Zurück zur Einstiegsseite Drucken
Grössere Schrift
 
Tribunale federale
Tribunal federal
 
{T 7}
I 170/06
 
Arrêt du 16 février 2007
IIe Cour de droit social
 
Composition
MM. les Juges U. Meyer, Président, Borella et Kernen.
Greffier: M. Wagner.
 
Parties
R.________,
recourant,
 
contre
 
Office AI du canton de Neuchâtel, Espacité 4-5,
2302 La Chaux-de-Fonds,
intimé.
 
Objet
Assurance-invalidité,
 
recours de droit administratif contre le jugement du Tribunal administratif du canton de Neuchâtel du 14 février 2006.
 
Faits:
A.
A.a R.________, né le 5 mai 1966, a fréquenté l'Ecole X.________ et commencé un apprentissage de vendeur auprès de Y.________. Il a été engagé dès le 5 décembre 1988 par la société Z.________ SA, auprès de laquelle il a travaillé en tant qu'agent de sécurité professionnel. Son employeur a mis fin aux rapports de travail pour le 30 avril 1994, au motif que la qualité du travail était insuffisante.

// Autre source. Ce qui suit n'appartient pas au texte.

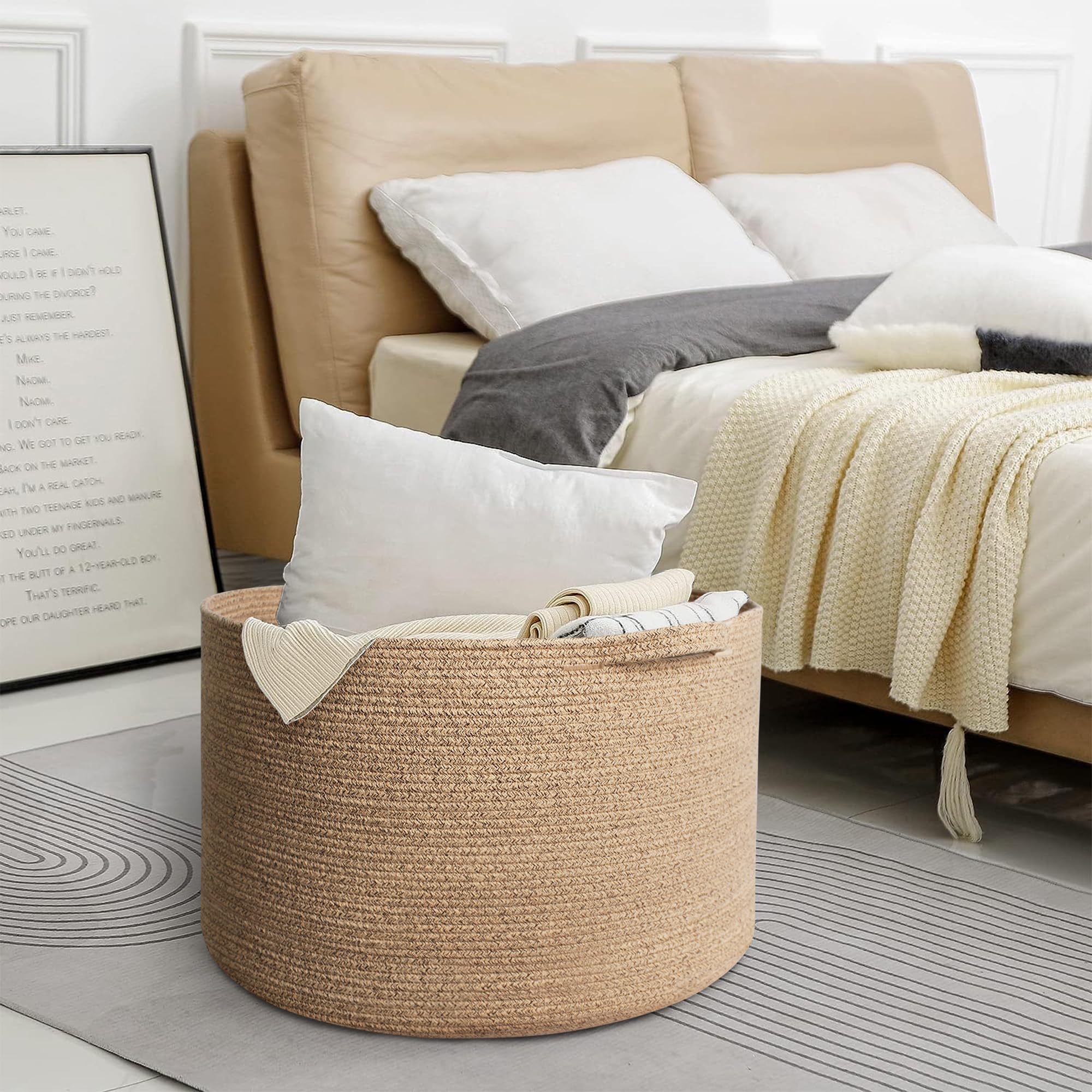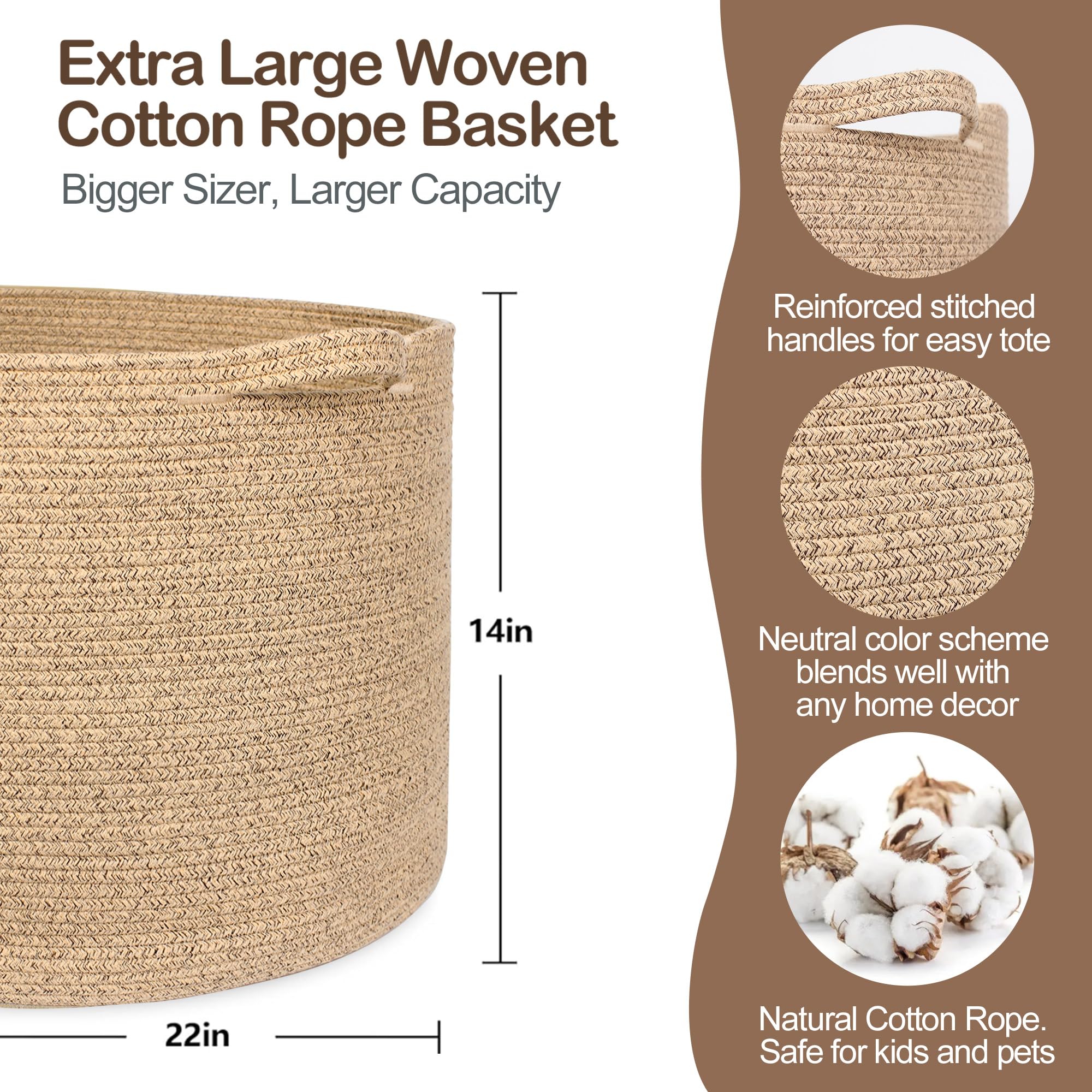 SOFT COTTON ROPE BASKET: The brown basket is braided from natural cotton rope, making it a super soft but sturdy, textured bin. The rope basket for storage is huge and doesn't have a smell at all. Woven rope baskets with no hard edges are safe for your kids allowing them to climb into these wick basket and won't scratches or damage the floors.

Le 22 février 1994, R.________ a présenté une demande de prestations de l'assurance-invalidité, en requérant un reclassement dans une nouvelle profession. Dans un rapport médical du 30 avril 1994, le docteur I.________ a diagnostiqué une probable psychose infantile, un état d'angoisse chronique mais contrôlé, des défenses multiples et un bégaiement. Dans un prononcé présidentiel du 21 octobre 1994, la Commission de l'assurance-invalidité du canton de Neuchâtel a mis l'assuré au bénéfice d'un stage d'observation et d'évaluation de ses aptitudes à pouvoir entreprendre une formation dans le domaine commercial, auprès du centre W.________. Ce stage a débuté le 13 février 1995. Dans un rapport du 1er juin 1995, le maître de stage a conclu qu'il était irréaliste de viser un emploi dans l'économie libre, malgré le potentiel certain. Une formation n'allait pas changer le pronostic défavorable d'insertion professionnelle. Par ailleurs, il fallait être conscient que l'intégration dans une équipe même au sein d'un atelier protégé poserait aussi un problème. Le centre W.________ a déposé son rapport le 29 juin 1995.

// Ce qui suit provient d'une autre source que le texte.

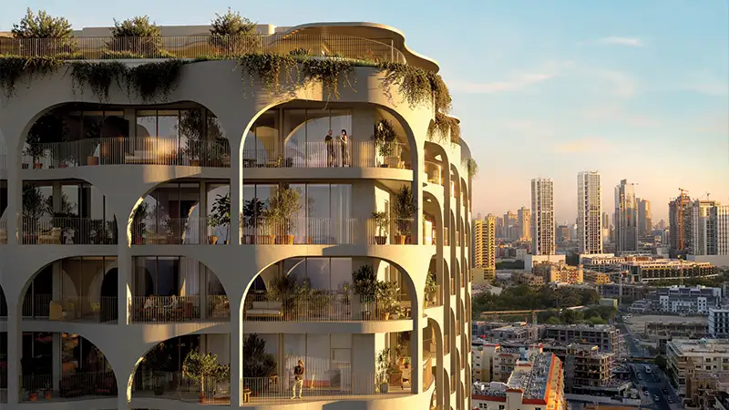 The famous Al Ghurair Development has built a new residential complex called The Weave at JVC With Rooftop Swimming Pool . It has some 1, 2, and 3.5 bedroom apartments in Dubai. Experience a story made up of light, shade, and the slow pace of modern life. That’s life. The front of the building is meant to feel less like a building and more like a garden. The architecture is meant to work like hand-woven fabric, with each line seam made to make your life easier. But when you see its profile against the skyline, this approach becomes clear: it looks like a facade finished with a departure of the palm fronds of the area, seen in a more abstract way and turned into a modern home format. It is thought that interiors are like private looms: places where proportions, views, and connections to the outside are all thought of as a whole; porches weave views and light together in a living way.
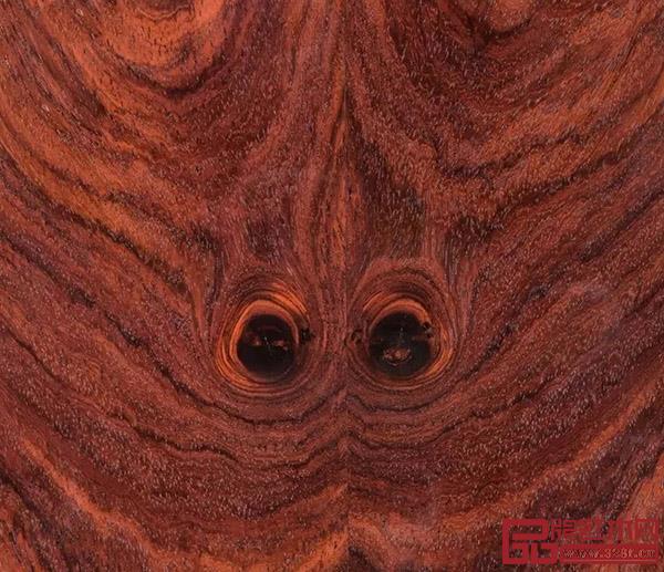 鬼臉紋有多種成因,最常見的就是黃花梨樹上的一個(gè)樹杈反映到主干上時(shí),會(huì)形成一個(gè)節(jié)痕,這個(gè)節(jié)痕就叫鬼臉,讓人一眼就能看出一張臉的紋理叫作鬼臉紋。
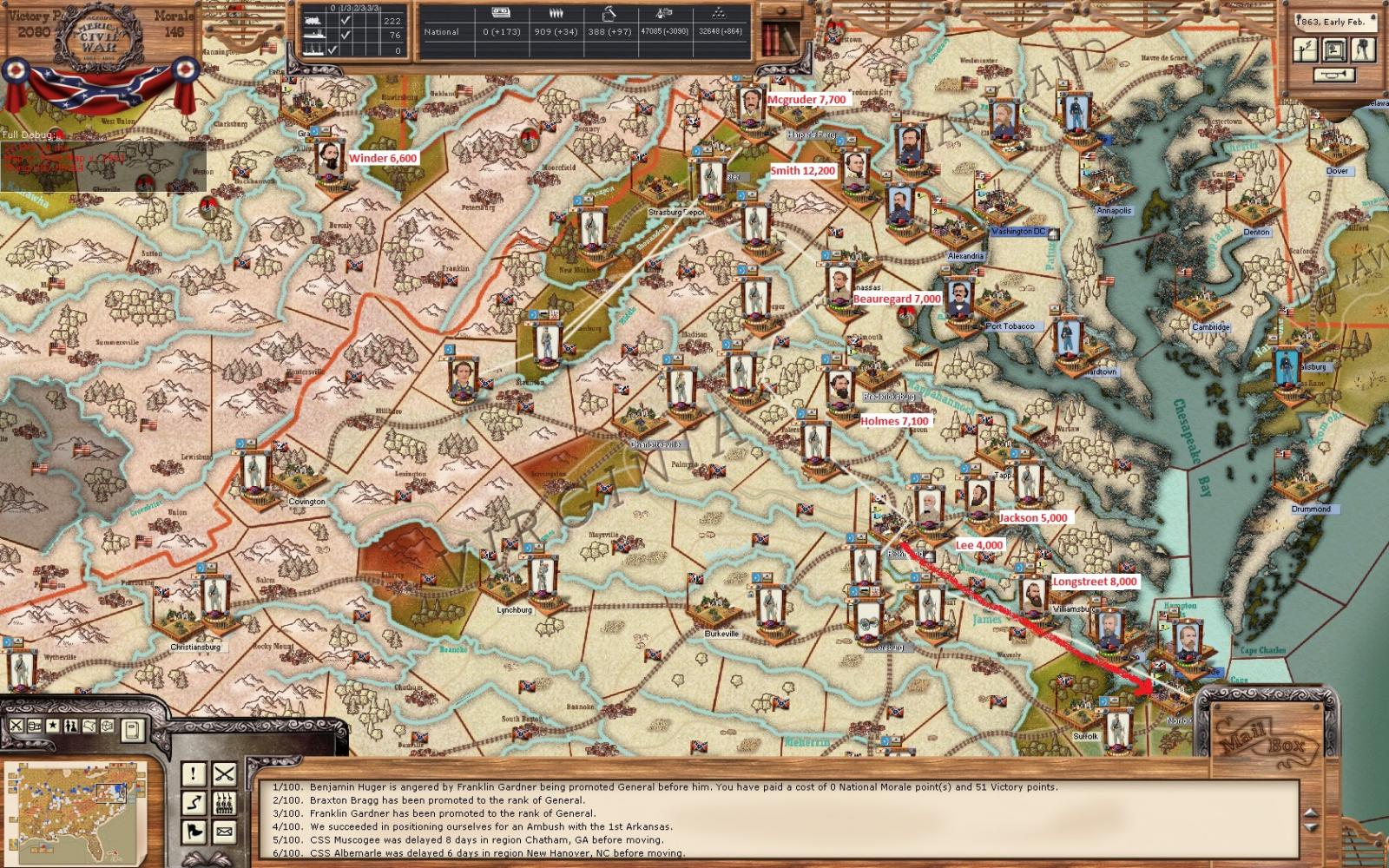 This western Kentucky campaign is the highlight of the war so far. Funny how Virginia is a peripheral theater in this game. It is a mistake from him not to put pressure on you there, as it allows you to have enough forces in the west were there is more territory to cover and he should be able to ountmanouver you, as well as in the gulf where you have been able to react to his invasions.. Had you been under sustained assault in Virginia you would have 4 or 5 divs more overthere rather than available somewhere else...
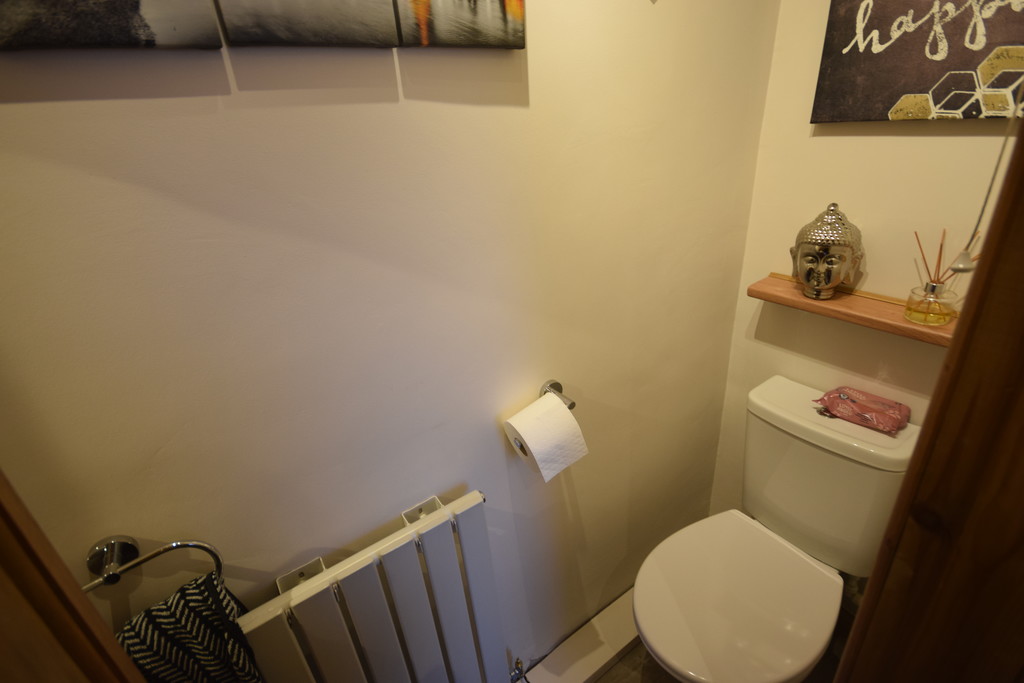 CLOAKS/WC Low level WC, radiator, handwash basin with taps, vanity unit
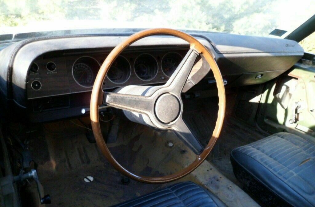 It’s hard to believe from this photo, but apart from the carpet and headliner, the interior looks like it is complete, unmodified, and in pretty good condition. Certainly, the dash pad looks good, the dash itself is unmodified, and it looks like the trim pieces that aren’t attached to the car are present in some of the photos. Once again, that green-on-green color scheme must have looked extremely nice. It’s also worth noting that the Challenger has only covered a claimed 15,200 miles, but I’m not really sure about the relevance of that claim once we lift the hood.
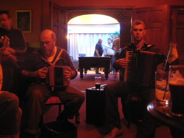 Last night I went out with Rebecca, Natalia, Willie, and Tim. We arrived at our pub early enough that we were able to get seats next to one of the sessions. However, we quickly discovered to our dismay that the session we’d chosen was one that only played one song every ten or fifteen minutes, spending the in-between time relaxing and drinking and chatting with one another. Ah well. One of the other sessions in the pub had two harpists, which was very cool, and I stood and watched them for a while.
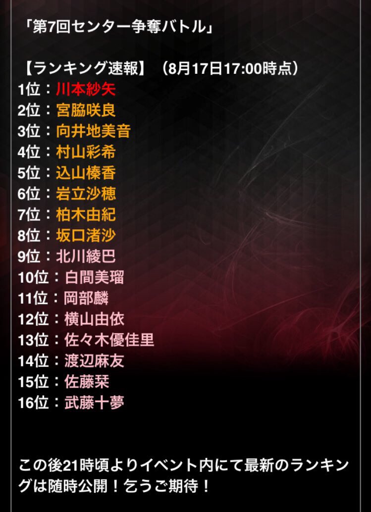 LINE LIVE特番内で発表いたしました8月17日17時時点の「第7回センター争奪バトル」ランキング速報です

Dans un prononcé du 21 juillet 1995, l'Office de l'assurance-invalidité du canton de Neuchâtel a octroyé à R.________ un reclassement professionnel sous la forme d'un stage d'évaluation et de préparation à l'activité occupationnelle, auprès de l'Atelier du Centre V.________. Un stage en atelier mécanique a eu lieu du 14 août au 29 septembre 1995 et un stage en atelier menuiserie s'est déroulé du 2 octobre au 10 novembre 1995. Dans un rapport périodique d'observation du 13 novembre 1995, la Fondation neuchâteloise des Centres V.________ était de l'avis que la réintégration du circuit économique par l'assuré était difficile voire impossible à cette époque-là. Il lui semblait que la meilleure solution était la poursuite d'une activité en atelier protégé, dans un cadre sécurisant et structurant.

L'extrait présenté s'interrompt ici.